Materials provided
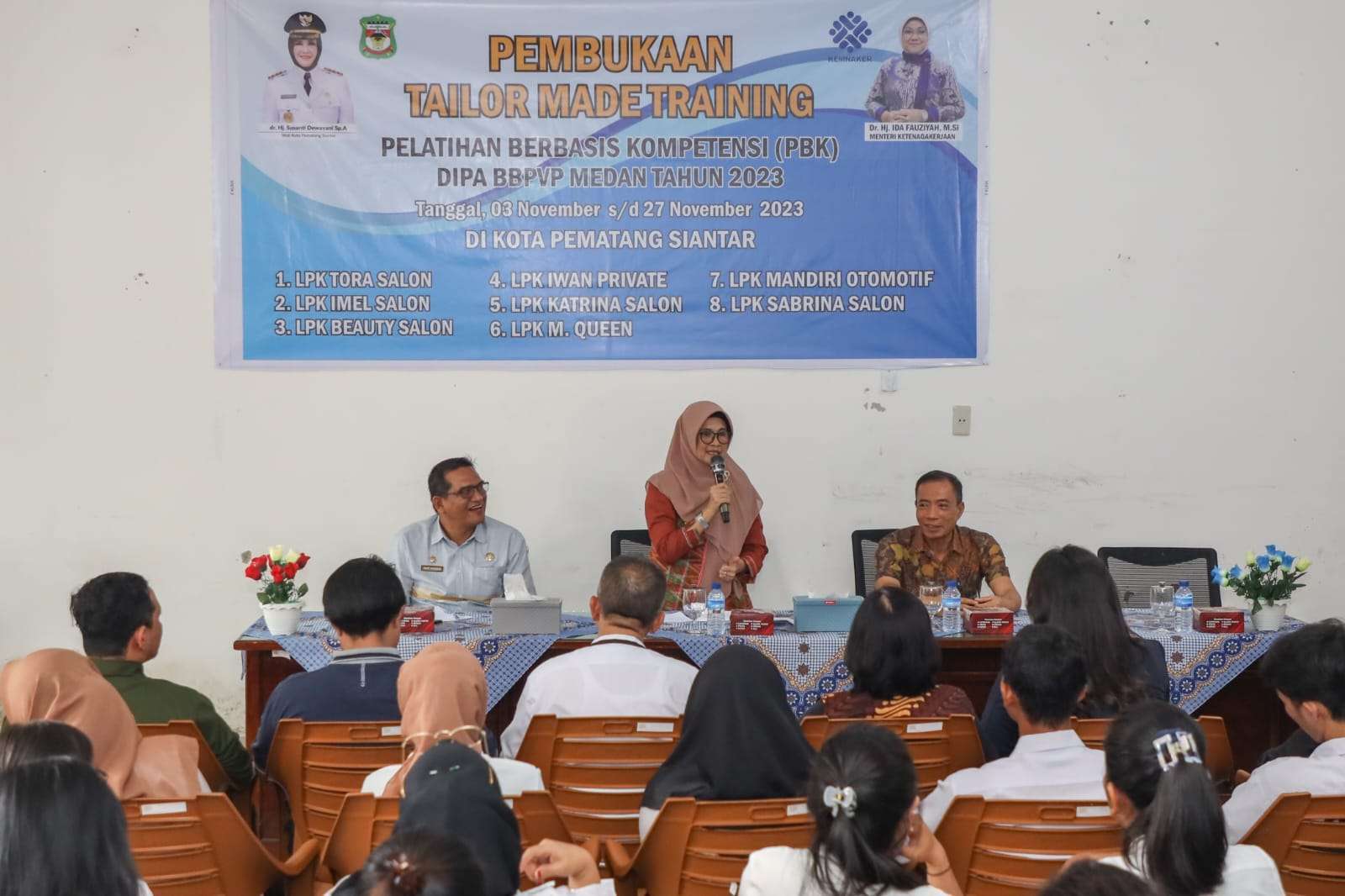 Wali Kota Pematang Siantar dr Susanti Dewayani SpA membuka Tailor Mode Training Pelatihan Berbasis Kompetensi (PBK) Direktorat Jenderal Pelatihan (DIPA) Balai Besar Pelatihan Vokasi Produktivitas (BBPVP) Medan Tahun 2023.
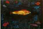 The Golden Fish glides through the kingdom of its underwater freedom, all lesser fish leaving a clear space for its gleaming body. This is a magical fish with runic signs upon his body, scarlet fins, and a great pink flower of an eye. He hangs majestically in the deep, dark blue magic of the sea, which is luminous with secret images of fertility. The great fish draws the mysteriousness of his secret world into significance. We may not understand the significance, but it is there. The sea and its creatures are arranged in glorious homage, belittled but also magnified by this bright presence. This quiet nobility, the brightness, the solitude, the general respect: all are true of Klee himself. Whether the art world knew it or not, he was their ``golden fish''.
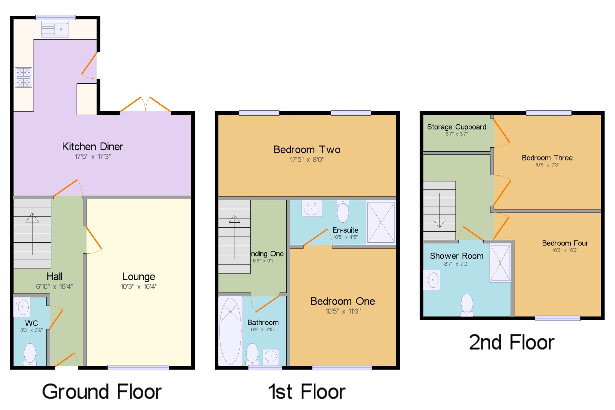 This spacious three story four bedroom family home is brought to the market with no onward chain and boasts a driveway for two cars, detached garage and gardens to both the front and rear. Upon entering you will be greeted by a welcoming entrance hall leading to the lounge, kitchen/diner and wc. The first floor houses two well proportioned bedrooms, en-suite and a family bathroom. There are a further two bedrooms and a shower room on the third floor.
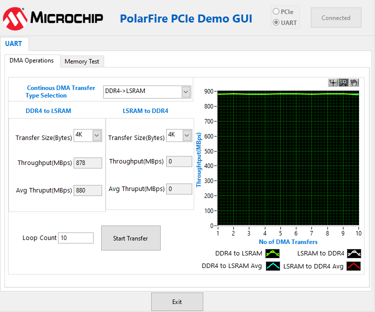 - Click Start Transfer. After a successful DMA operation, the GUI displays the throughput and average throughput in MBps. The following figure shows DMA throughput and average throughput from the DDR memory to the LSRAM.
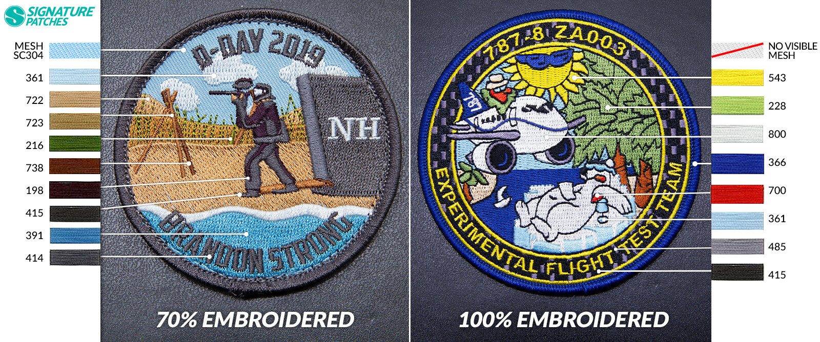 There’s a whole world of color right at your fingertips when you set out to design a custom embroidered patch. Here at Signature Patches, our thread color chart has 252 different options to mix and match, and an additional 72 mesh colors that can serve as a base for your design, but more on that in a minute.
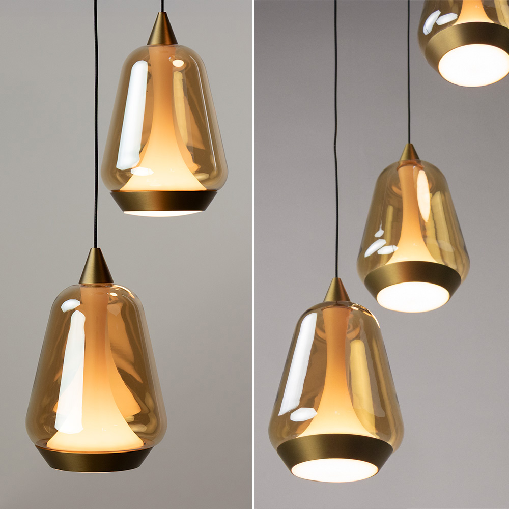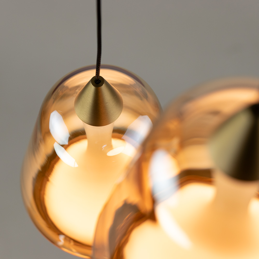Details: – Afmetingen: Ø28×165 cm – Bevestiging: Ø22×4,5 cm – Kappen: Ø11,8×18 cm – Kleur: Amber, zwart & goud – Materiaal: Glas & metaal – Geïntegreerd LED – In hoogte verstelbaar tot max. 165 cm
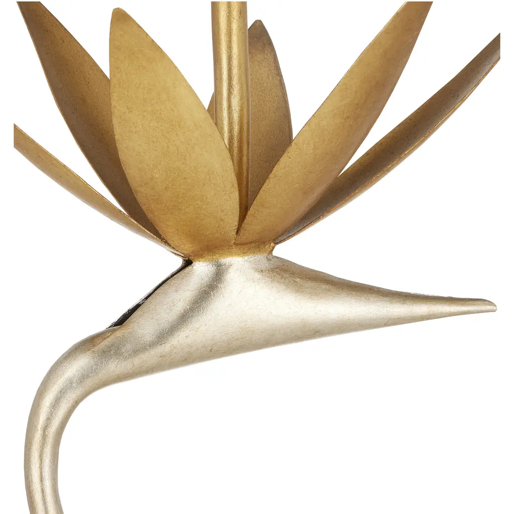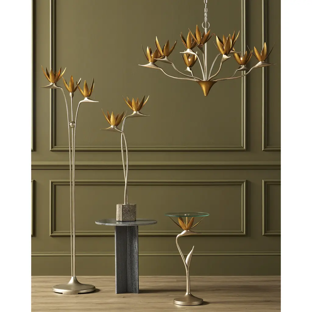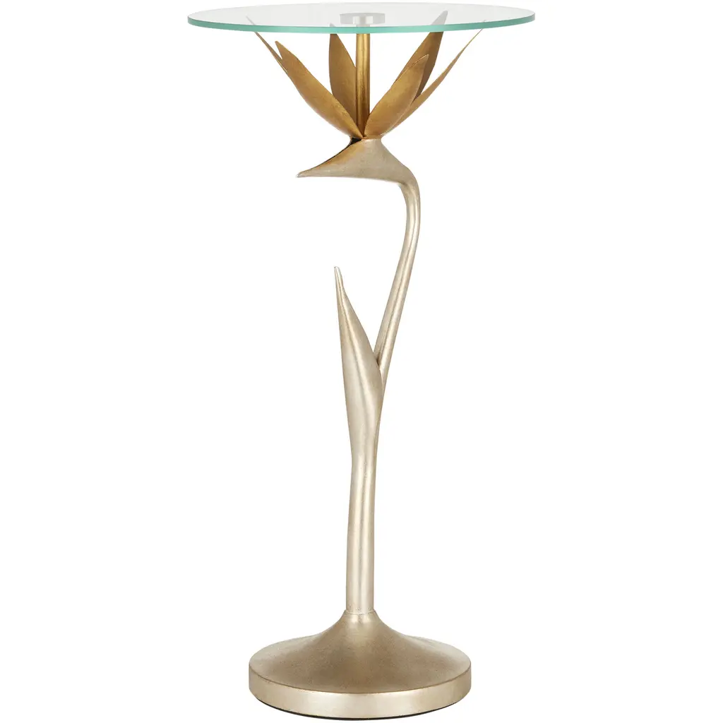 With a body made of steel, the Paradiso Accent Table has a lyrical shape inspired by the Strelitzia reginae, more commonly known as the Bird of Paradise plant. The limb that arcs up, in a contemporary silver leaf finish, holds a blossom in a contemporary gold leaf finish. The two work in concert to balance the glass top. This silver and gold occasional table is an example of how nature-inspired design elements are driving the biophilic movement.
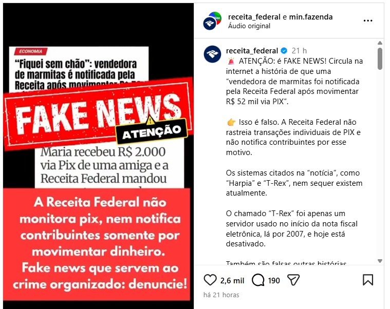 A Receita alerta que esse tipo de conteúdo costuma gerar medo e pode abrir espaço para golpes. “Esse tipo de desinformação causa insegurança e pode atender a interesses de organizações criminosas”, informou o órgão.
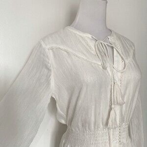 LOST + WANDER WHITE TEXTURED BUTTON FRONT SMOCKED WAIST TASSEL MAXI DRESS - S
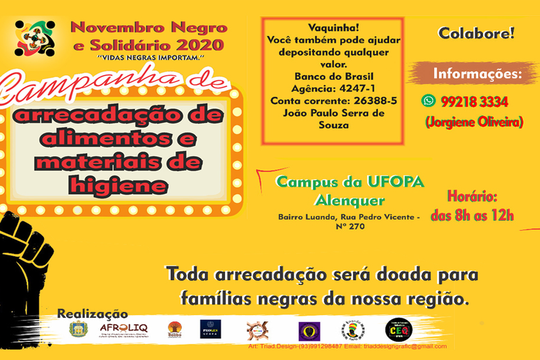 A Universidade Federal do Oeste do Pará, ao longo dos anos, realiza no mês de novembro a semana da consciência negra, que neste ano, em virtude da pandemia, acontece no formato de uma campanha solidária, que tem como objetivo arrecadar alimentos e material de higiene.
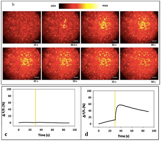 Experimental setup for cellular stimulation and calcium-sensitive dye imaging. Reproduced with permission from [33]. John Wiley and Sons, 2017.
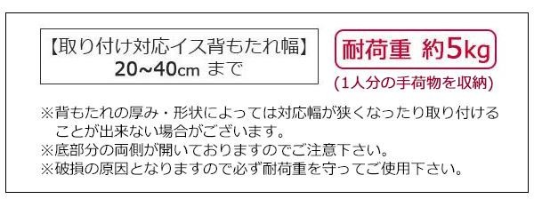 | 仕様 | 耐荷重:約5kg 収納目安:1人分 取付け対応イス背もたれ幅:20~40cm |
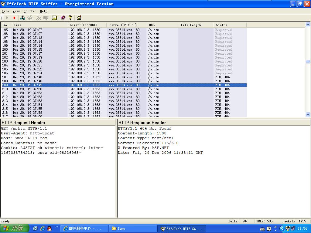 从瑞星防火墙的连接信息中可以看到,IE一直在与IP地址为 61.152.93.66 的机器进行http通信,然后采用 EffeTech HTTP Sniffer 工具截取发送和接收的数据包,发现IE7一直在从
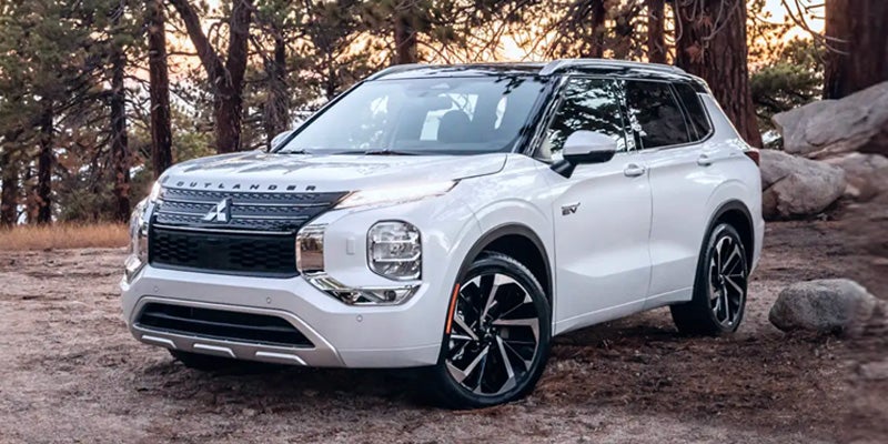 The 2025 Outlander PHEV comes in 4 trims, each with unique exterior features that blend sophistication and sportiness. The introductory ES trim starts with 18-inch alloy wheels, LED headlights with headlight washers, and an active shutter grille, while the SE trim takes a more aggressive approach. Its 20-inch 2-tone alloy wheels, silver bumper garnishes, and integrated roofline spoiler are balanced with high-end conveniences like rain-sensing wipers, a hands-free liftgate, LED fog lights, and power-folding heated side mirrors. The SEL indulges you with a power panoramic sunroof incorporated into the distinctive black roof, silver roof rails, and bold 20-inch wheels. Embrace your dark side with the SEL Black Edition, showing off black alloy wheels, black roof rails, black hood emblem, black badging, and dark chrome window trim, creating a rich, dramatic look. Across all trims, the sculpted aerodynamic profile balances elegance with purposeful design to stand out on every road.
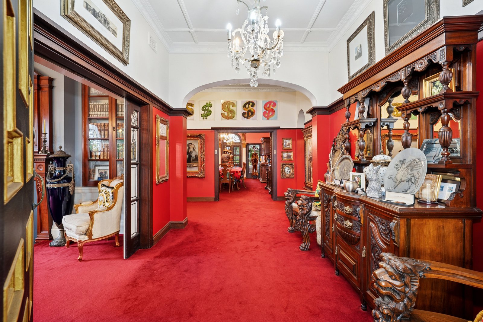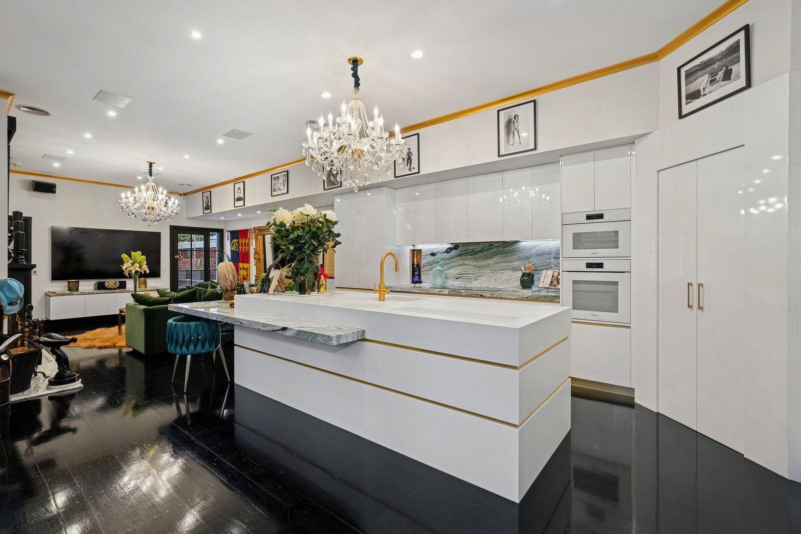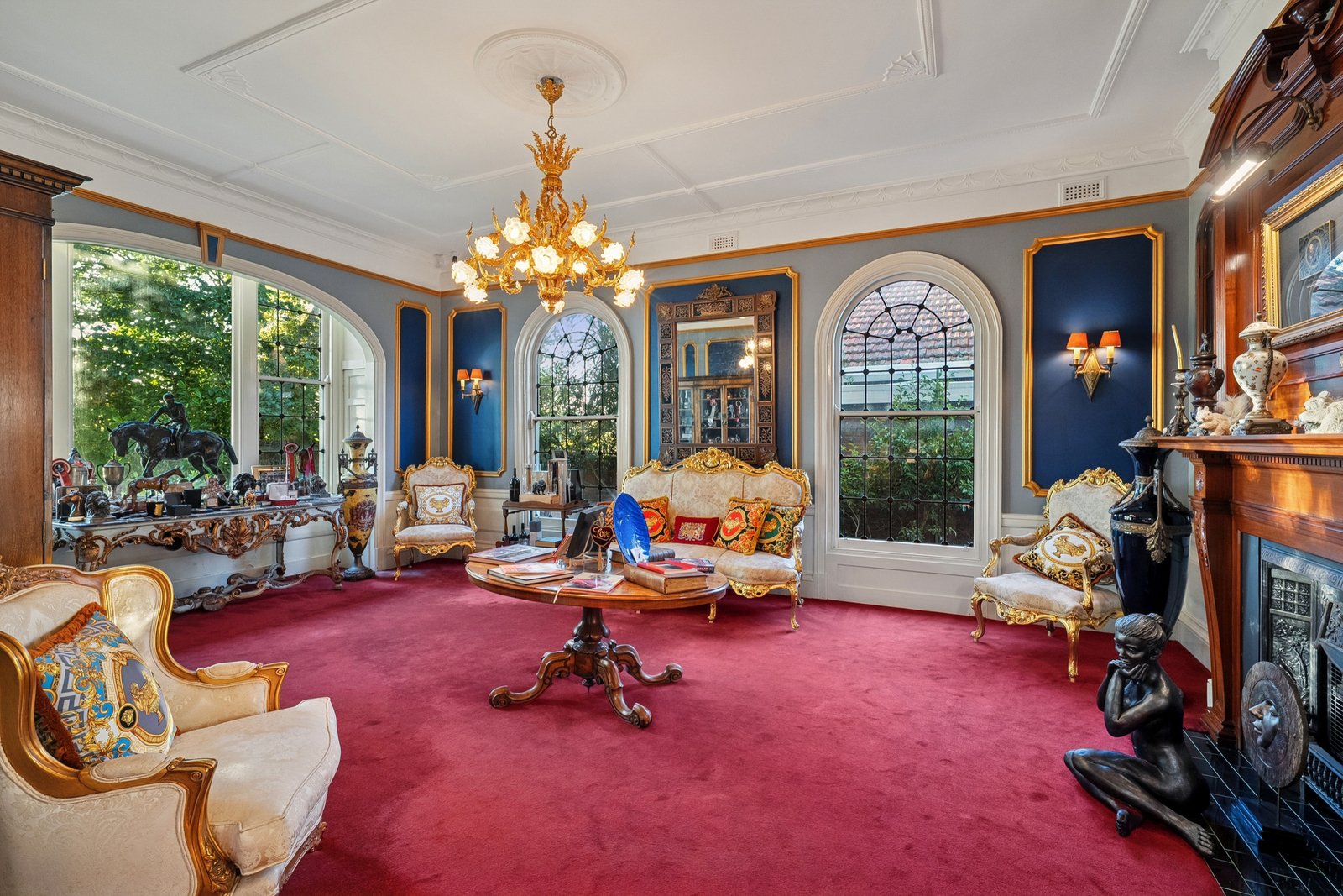 Rich in history, grand in stature and opulent in style, this incredible waterfront residence stands as a landmark home of prestige. Originally built in 1930, the home retains it stately period character, while incorporating contemporary luxury for the modern lifestyle. Showcasing grand proportions, spectacular bay views, multiple living and entertaining zones, and eye-catching features at every turn, this remarkable property offers an unparalleled living experience befitting its iconic waterfront position. Lush manicured gardens, towering mature trees and a regal pair of lion statues greet you on arrival. The red brick and rendered façade is complemented by gold columns and a portico entry with a magnificent chandelier, establishing the home’s bold and luxurious style. Inside, the breathtaking entry features soaring high ceilings, ornate character detail, original timber plate rails and a rich, inviting colour palette, introducing the grandeur within. The exquisite formal lounge showcases a beautiful bay window capturing water views, stunning arched windows, antique brass lighting, an original timber mantel and fireplace, and elegant glass-encased bookshelves, providing an impressive setting to host gatherings or simply retreat and enjoy the vista. Further on, a grand formal dining room exudes ambience and sophistication, perfect for hosting dinner parties in high-end style. An open plan kitchen and living area transitions to contemporary finishes, while retaining traditional features with a fireplace and chandelier lighting. The high-end kitchen features a large island with stone benchtops, inset sink, brass tapware, and integrated drinks cooler with drainage, perfect for gathering around with family and friends. Premium Miele appliances include dual 600mm ovens, induction cooktop, fully integrated dishwasher, and integrated fridge/freezer. For further entertaining space, head upstairs to the lavish billiard room with a graceful arched glass doorway leading out to a terrace balcony, the ideal place to enjoy the ever-changing vistas and vibrant activities of the bay. The ground floor main bedroom continues the sense of luxury, impressive in scale with walk-in robes and a striking glass-walled ensuite featuring a statement glass bath, open shower, floating glass vanity and ambient lighting. A connecting dressing room is fully fitted with storage provisions for the avid fashionista, along with a secure storeroom for your valuables. A spacious second bedroom on the ground floor enjoys a poolside view, along with three further bedrooms upstairs, serviced by a contemporary bathroom with skylight, stone-topped dual vanity, and claw foot bath. The rear of the home offers a self-contained retreat with sauna, skylights and an indoor garden, along with a kitchenette, bathroom, laundry, studio space and bedroom - a versatile zone ideal for guest accommodation, a home office or gymnasium, with direct access to the pool. Additional features within the home include a sound system, security system, ducted heating and cooling. Outside, the undercover alfresco features overhead heating and a louvre roof allowing for year-round use, overlooking the grotto-style pool and spa that adds a touch of Hollywood glamour to the residence. The double remote garage includes an attic loft for storage, and a staircase to the underground cellar, keeping your wine collection at optimum temperature, with a portal window offering an underwater view of the pool. A residence of rare distinction, this iconic waterfront estate delivers an extraordinary lifestyle defined by luxury, history and connection to our beautiful bay. A once-in-a-generation opportunity to secure one of the region’s most prestigious homes, this is a property that will continue to inspire and impress for years to come.

Task details
When you reach the line with "A Receita alerta" in the records above, start writing out each line exactly, and stop after the line with "LOST + WANDER". Pictures stay out.

Completed exercise
 A Receita alerta que esse tipo de conteúdo costuma gerar medo e pode abrir espaço para golpes. “Esse tipo de desinformação causa insegurança e pode atender a interesses de organizações criminosas”, informou o órgão.
 LOST + WANDER WHITE TEXTURED BUTTON FRONT SMOCKED WAIST TASSEL MAXI DRESS - S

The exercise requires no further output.